The primary way to prevent ice encasement damage is to have ice encasement–tolerant turfgrasses growing in susceptible areas. Breeding cool-season turfgrasses for winter tolerance–associated traits has been minimal due to the complexity of winter stress, complex genomes of many turfgrass species, and lack of dedicated breeding programs to this problem because it is a challenging breeding target. The cool-season turfgrass species differ significantly in their tolerance to ice encasement. Creeping bentgrass (Agrostis stolonifera) and annual bluegrass are the two most common cool-season putting green species in northern areas, but other species can also be found, such as velvet bentgrass (Agrostis canina) and colonial bentgrass (Agrostis capillaris). These species differ significantly in their inherent ability to tolerate prolonged ice cover (Waalen et al., 2017). Annual bluegrass is more susceptible to ice cover damage because it can only survive an average of 60 d of ice cover compared with creeping bentgrass surviving 120 d or more of ice (Beard, 1964; Tompkins et al., 2004; Vargas and Turgeon, 2004). Colonial bentgrass and some fescue (Festuca) species, such as chewings fescue (Festuca rubra) have sensitivity to ice encasement like annual bluegrass (Waalen et al., 2017). In addition to genetically regulated tolerance, the environment or how each turfgrass species is managed may play a major role in determining winter survival of each species. This review outlines current knowledge of winter survival mechanisms of turfgrasses or plants in general, current management strategies that can be used to promote ice encasement survival of turfgrasses, and major knowledge gaps in our understanding of ice encasement that indicate future research needs.

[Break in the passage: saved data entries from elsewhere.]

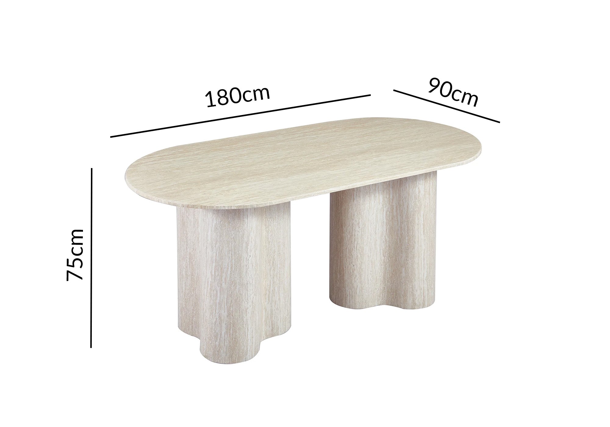 Son plateau ovale en marbre composite effet travertin offre une surface lumineuse et raffinée, idéale pour apporter une ambiance douce et naturelle à votre salle à manger.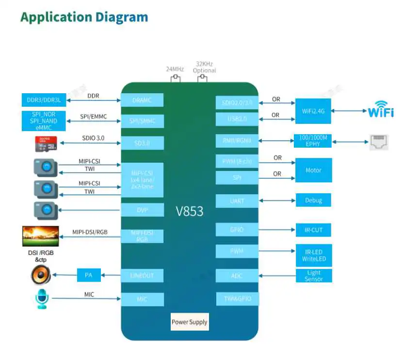 ARM或RISC-V 处理器配合片上RAM,以及支持多类内存接口和丰富的外设端口,为应用端提供更加丰富的适配场景。
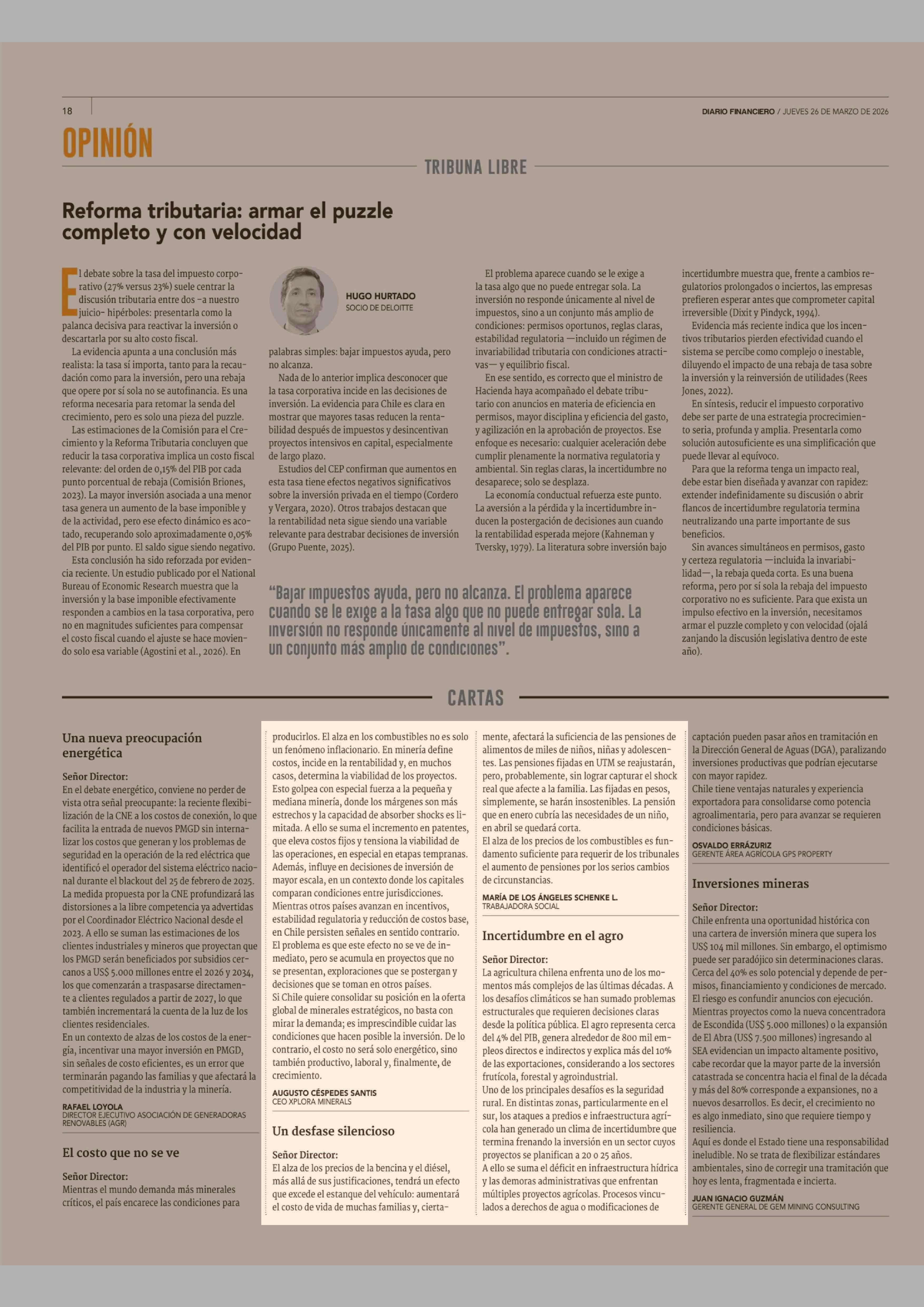 Cartas: Un desfase silencioso 26-03-2026 Diario Financiero |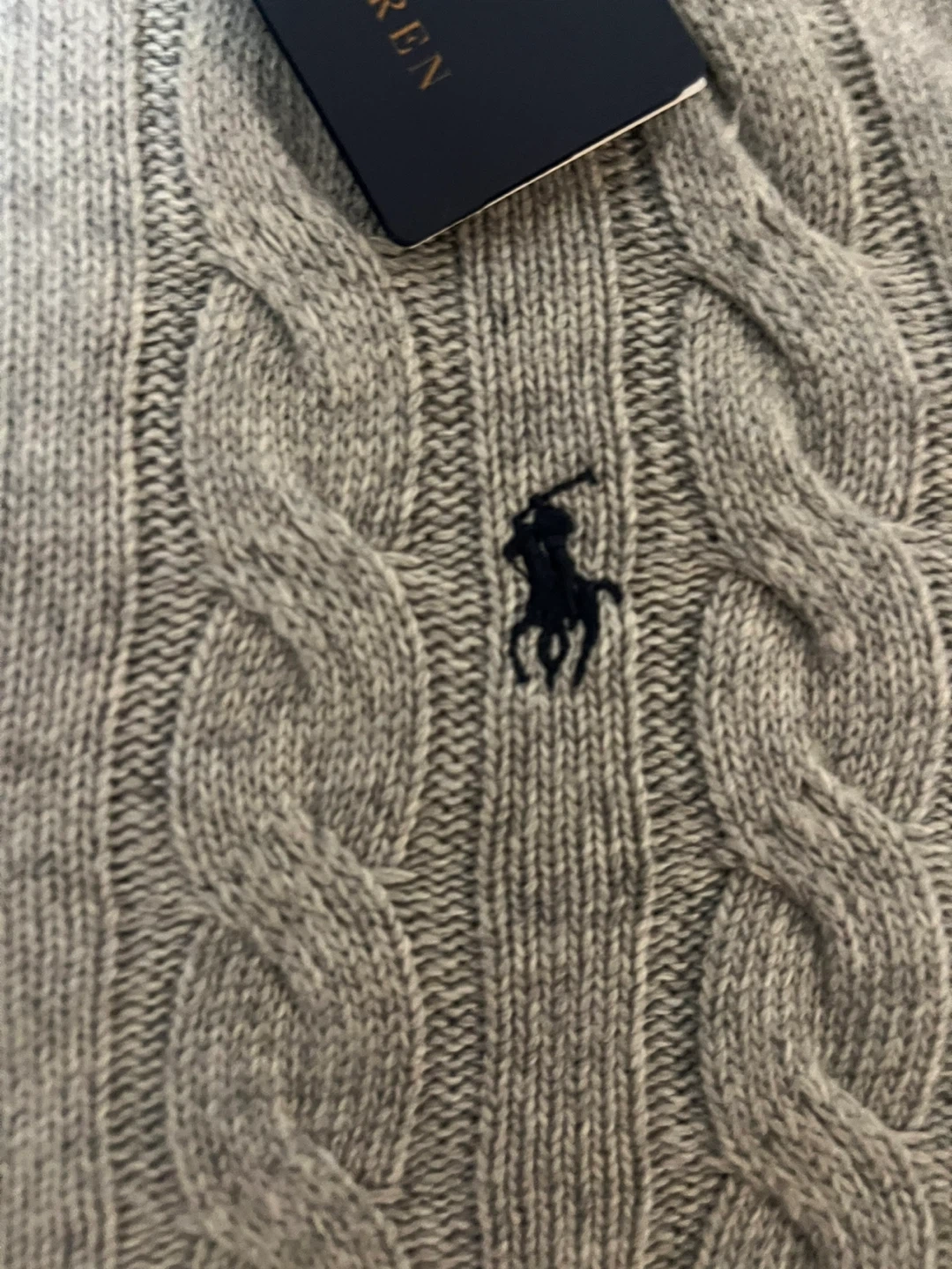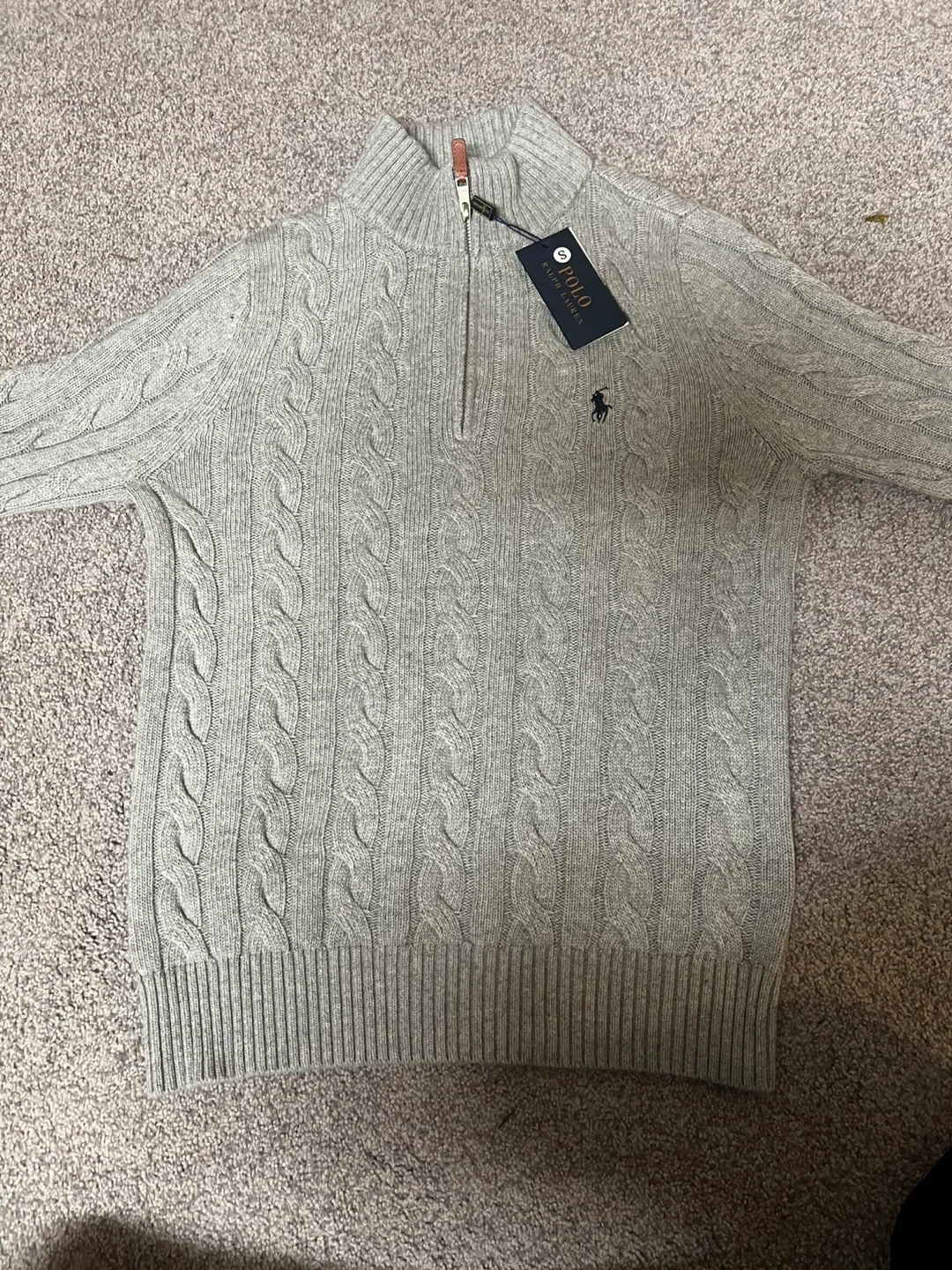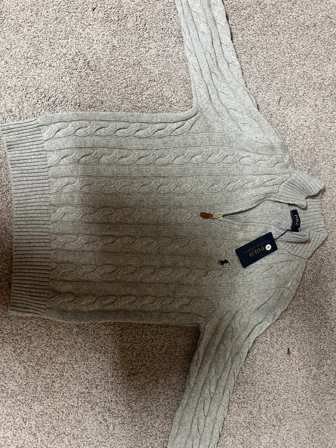 Selling a brand new with tags Polo Ralph Lauren cable knit sweater! It's a size small and features a classic cable knit design. The sweater is a light grey colour and has a quarter-zip closure. Perfect for staying warm and stylish!

Types of ice encasement and turfgrass physiological damage
The extent of damage due to ice cover is not only associated with turfgrass species but also related to the duration of ice and the type of ice that has formed. Ice layers can form in different ways, leading to either a porous or nonporous ice, which causes them to be permeable or impermeable to gases, respectively. Permeable or porous ice is typically not as detrimental to turf health when compared with impermeable sheets of ice. Porous ice allows for air movement between the bulk atmospheric and soil environment to the turfgrass plants, reducing the incidence of gas accumulation that could cause necrosis of crown tissue (Olien and Smith, 1981). Prolonged periods of impermeable or nonporous ice can readily cause anoxic conditions and buildup of toxic gases. Gases that were found to accumulate under ice sheets in turfgrasses include carbon dioxide, ethyl butyrate, and others (Aamlid et al., 2009). The lack of oxygen under impermeable ice layers can cause metabolites associated with anaerobic metabolism to build up in plant tissues, such as ethanol, lactate, malate, and others (Andrews, 1977; Gudleifsson, 1993). Anoxic conditions have been found to be exacerbated by soils with high respiration rates related to higher organic matter content in experiments with impermeable covers (Rochette et al., 2006). Thus, impermeable sheets of ice are considered the most damaging to ice encasement–sensitive turfgrass species, such as annual bluegrass due to the direct metabolic damaged caused by toxic gases and toxic metabolic by-products.
As crowns are the primary overwintering structure of most putting green species, the sensitivity of the crown tissue to anoxic conditions and toxic gases may determine ice encasement tolerance levels of each species. Toxic metabolites or gases accumulating in crown tissue cells can cause a general degradation of cell membranes during stress, which can cause electrolyte leakage and membrane dysfunction, likely due to lipid peroxidation (Andrews and Pomeroy, 1989; Hetherington et al., 1987). Research is needed to elucidate specifically how anoxic conditions and toxic gases specifically affect crown tissues and other turfgrass overwintering structures, like rhizomes, to identify methods that may promote protection and survival of prolonged impermeable ice conditions.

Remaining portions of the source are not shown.